ANAHEIM, Calif. — Red Hat CTO Michael Tiemann kicked off Day 2 of the conference portion of EclipseCon this morning with his keynote on the “Eclipse Tipping Point.” He started with a well-aimed barb at a well-known monopoly. Referring to a New York Times story which asserted that PowerPoint makes you stupid, he told the audience as he began his talk “This is Open Office. I’m going to make you smarter today.”

For those not familiar with Malcolm Gladwell’s 1999 book “The Tipping Point”, Tiemann spent some time describing what a tipping point is. He described Paul Revere’s famous ride as an example, and Linus Torvalds and the rise of Linux as another. He also quoted Victor Hugo to make his point: “Invading armies can be resisted, but not an idea whose time has come.”

The basic premise for his talk is that Eclipse has taken off because its time has come. His challenge to the audience was to ask what they will do with the opportunity.

Tiemann described the hardware side of the computing industry in terms of Moore’s Law and talked about how the software part of the equation has not kept pace. Hardware has become much more powerful and much less expensive, but not so with software.

The talk centered on security for awhile as he described the failure of software platforms to provide the “multi-level” security required by the NSA and other intelligence agencies. Instead of delivering security, Tiemann said, platforms are being delivered which can be compromised in less than two minutes if exposed to the Internet without a firewall. He wasn’t just talking about Windows, but Linux as well.

Eclipse, Tiemann argued, could be used for the common good by providing the framework and the tools to allow applications to be modified so that they can fit into a multi-level security model.

Michael Tiemann talks with attendees prior to keynote.

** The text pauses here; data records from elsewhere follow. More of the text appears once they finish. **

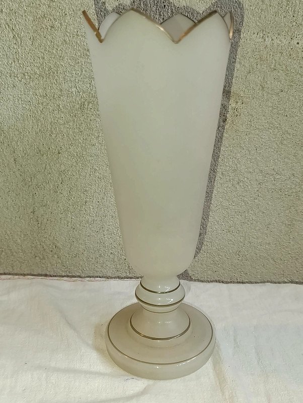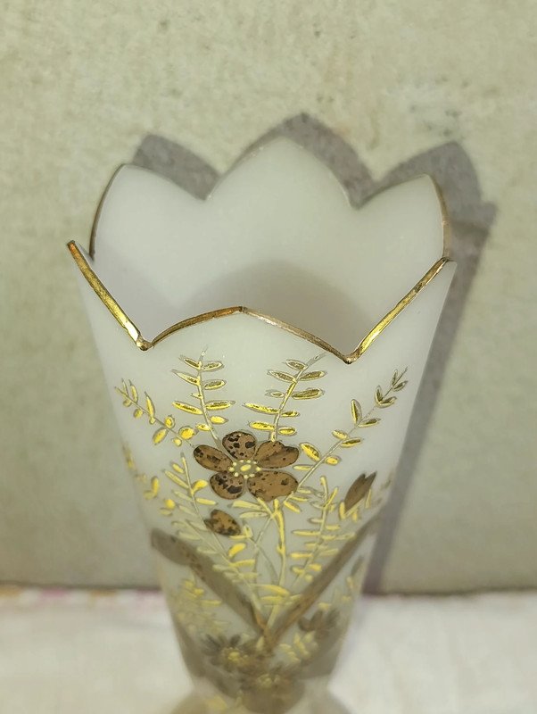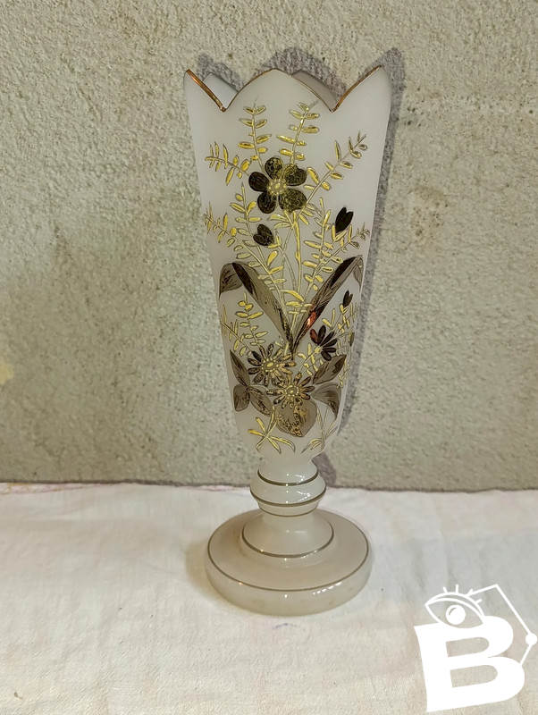 beautiful opaline vase from the late 19th century with floral decoration and gilding in good condition, minor normal wear on the decoration, height 25cm...
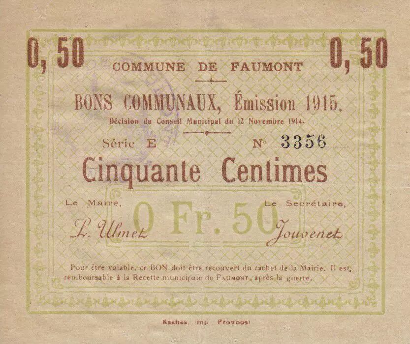 Banknote France 50 Centimes Faumont City - 1915
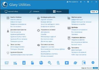 Glary Utilities - функциональный набор системных твикеров и утилит, для тонкой настройки, повышения общего уровня производительности и защиты ПК. Данное приложение позволяет пользователю избавиться от ненужных файлов, от устаревших регистрационных записей и истории интернет-активности, посредством установки различных плагинов, можно добиться полной совместимости данного приложения с более чем 45 различным программами.
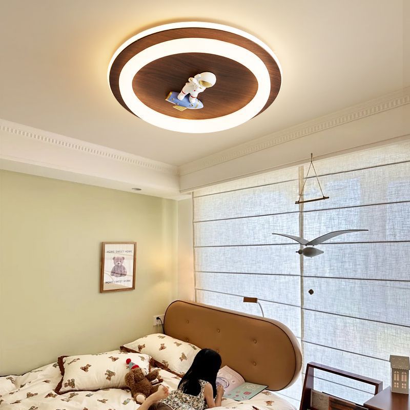 Lampu Kamar Anak-Anak Astronot Lampu Atap Kamar Tidur Kartun Warna Kayu Kenari Retro Lampu Pelindung Mata Astronot Kreatif

Then he announced that the next version of Fedora, expected to be released shortly as the final 2.6 bugs are being slain, will come with SE Linux as the default install. But only four or five of the more than 1,400 applications available for Fedora will be ready for SE Linux. His obvious hope is that Eclipse can help more applications get in the game.

In closing, Tiemann said that Eclipse offers us a choice. We can use it to realize our ideas, like SE Linux, or we can use it to resist the ideas whose time has come.

In a brief conversation with Tiemann after the keynote, I asked what the linkage was between Red Hat and Eclipse. He explained that Red Hat has had a developer working on the CDT project for over a year. Eclipse, it seems, is not just about Java. When a member of the audience asked Tiemann why he thought it was Eclipse at the tipping point and not NetBeans, Tiemann said it was because Eclipse was not locked into a single choice for development, while NetBeans is.